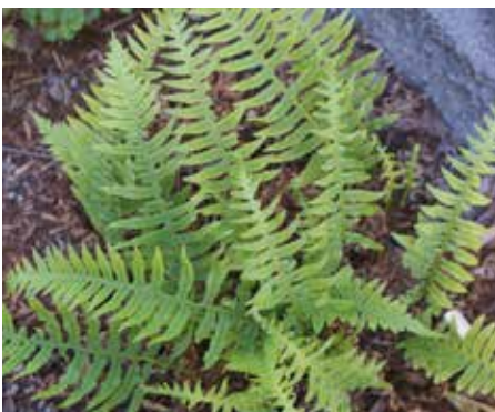
Dryopteris cycadina Shaggy Shield Fern
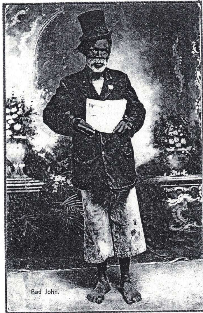
BAD JOHN (circa 1846-1916)
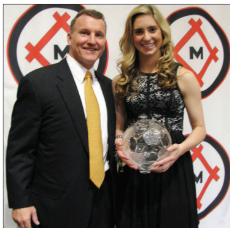
Morgan Brian 2013 MAC Hermann Trophy
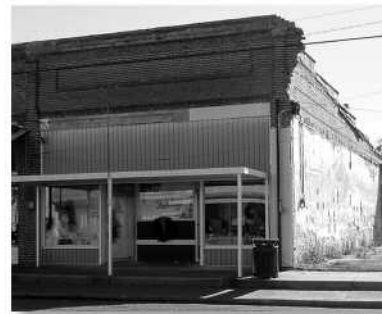
This 1920's structure, abandoned for more than a decade, will soon house a retail center.
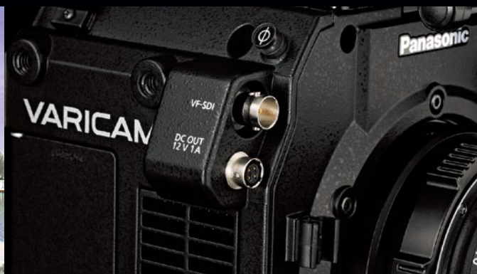
EVF Connections with HD SDI and DC Power
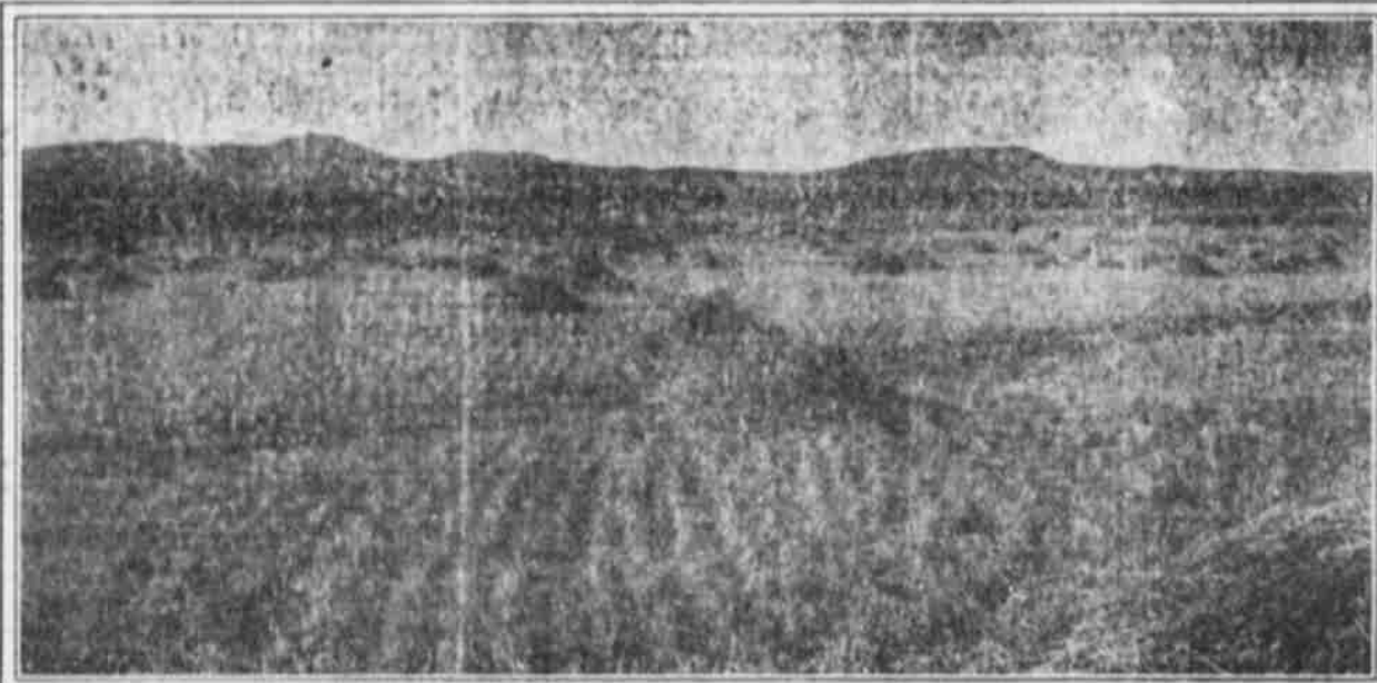
CENTRAL OREGON FARM SCENES.

hay. The accompanying illustrations show what can be accomplished. What some have done others can do also, and now with railway transportation affording the farmers quick outlet to the markets, there will be added impetus to agricultural developments in the Bend country.

* * * * * * *

Assignment – Print, exactly as written, the lines above from the first one to the one containing "CENTRAL OREGON FARM SCENES.". Leave out pictures.

Exercise result –
Dryopteris cycadina Shaggy Shield Fern
BAD JOHN (circa 1846-1916)
Morgan Brian 2013 MAC Hermann Trophy
This 1920's structure, abandoned for more than a decade, will soon house a retail center.
EVF Connections with HD SDI and DC Power
CENTRAL OREGON FARM SCENES.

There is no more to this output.